Beckwith-Wiedemann Syndrome (BWS)
Description
Beckwith-Wiedemann Syndrome (BWS) is a rare, complex condition present at birth. It‘s characterized by overgrowth in certain parts of the body, such as the tongue, organs, and limbs. This blog delves into the details of BWS, covering its signs and symptoms, causes, inheritance, diagnosis, management, and ways to thrive with the condition.
Genes Involved
Genes Involved
BWS is associated with changes in specific genes responsible for regulating growth and development. These genes include:
- CDKN1C: A tumor suppressor gene that plays a vital role in cell growth control.

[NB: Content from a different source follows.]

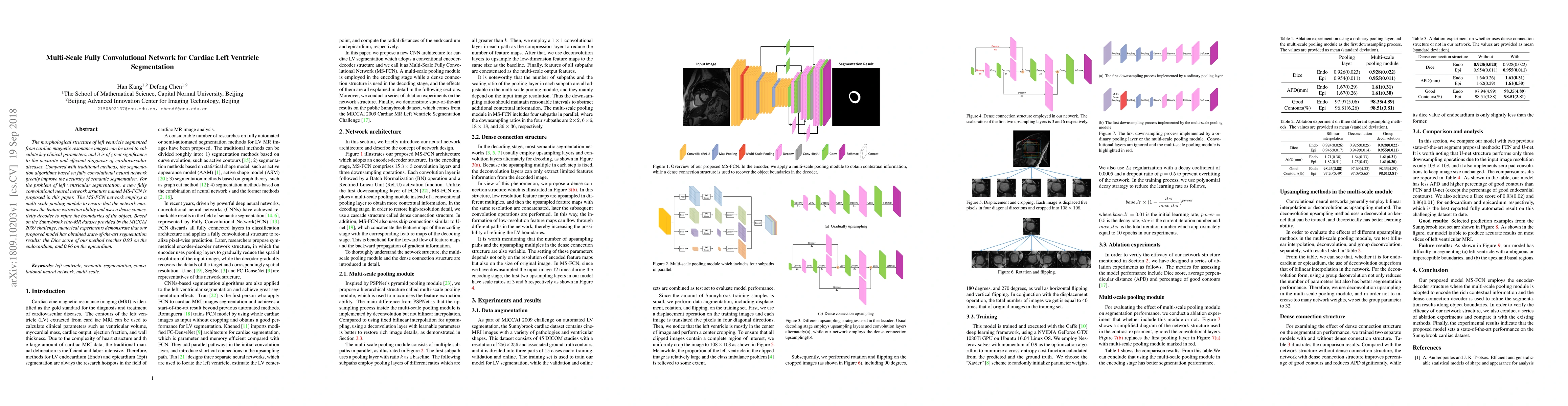 This paper proposes a Multi-Scale Fully Convolutional Network (MS-FCN) for cardiac left ventricle segmentation, utilizing a multi-scale pooling module in the encoding stage and a dense connectivity decoder in the decoding stage.

- KCNQ1OT1: A non-coding RNA gene involved in regulating the expression of other genes.
- H19: Another non-coding RNA gene implicated in growth regulation.
Recognizing the Signs and Symptoms
Recognizing the Signs and Symptoms
The hallmark of Beckwith-Wiedemann Syndrome is overgrowth in specific body parts. Some common signs and symptoms include:
- Large birth weight: Babies with BWS often weigh significantly more than average at birth.

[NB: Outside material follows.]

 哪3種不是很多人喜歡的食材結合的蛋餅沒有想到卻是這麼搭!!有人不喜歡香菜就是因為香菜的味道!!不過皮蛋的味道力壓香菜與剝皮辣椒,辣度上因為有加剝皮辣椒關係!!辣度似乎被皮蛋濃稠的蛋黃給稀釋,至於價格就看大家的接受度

- Macroglossia: An enlarged tongue, which can cause feeding difficulties.
- Omphalocele: A protrusion of abdominal organs through the belly button.
- Ear creases: Characteristic folds or creases in the earlobes.

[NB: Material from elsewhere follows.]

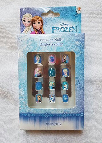 Disney Frozen Press-on Nails. Kid-sized and parent approved! Small plastic nails are fun and easy to apply, with no messy polish or remover! Perfect for sleepovers or princess parties! Each package has 12 pieces in assorted sizes for the perfect fit.

- Hemangiomas: Benign tumors of blood vessels that can appear on the skin or organs.
- Increased risk of childhood cancers: Children with BWS have a higher likelihood of developing certain cancers, particularly Wilms tumor (kidney cancer) and hepatoblastoma (liver cancer).
Causes
Causes
BWS arises from changes in the genetic material, specifically in the region of chromosome 11p15. These alterations can be:
- Epigenetic changes: These involve modifications to the DNA that influence gene expression without altering the DNA sequence itself.
- Genetic mutations: Direct alterations to the DNA sequence within the genes mentioned above.
- Inheritance: In some cases, BWS can be inherited from a parent carrying a gene mutation.
Inheritance/recurrence risk
Inheritance or Recurrence Risk
The inheritance pattern of BWS varies depending on the underlying genetic change. In cases of epigenetic changes, the risk of recurrence in subsequent pregnancies is relatively low. However, if a parent carries a gene mutation, the risk of passing it down to their children is 50%.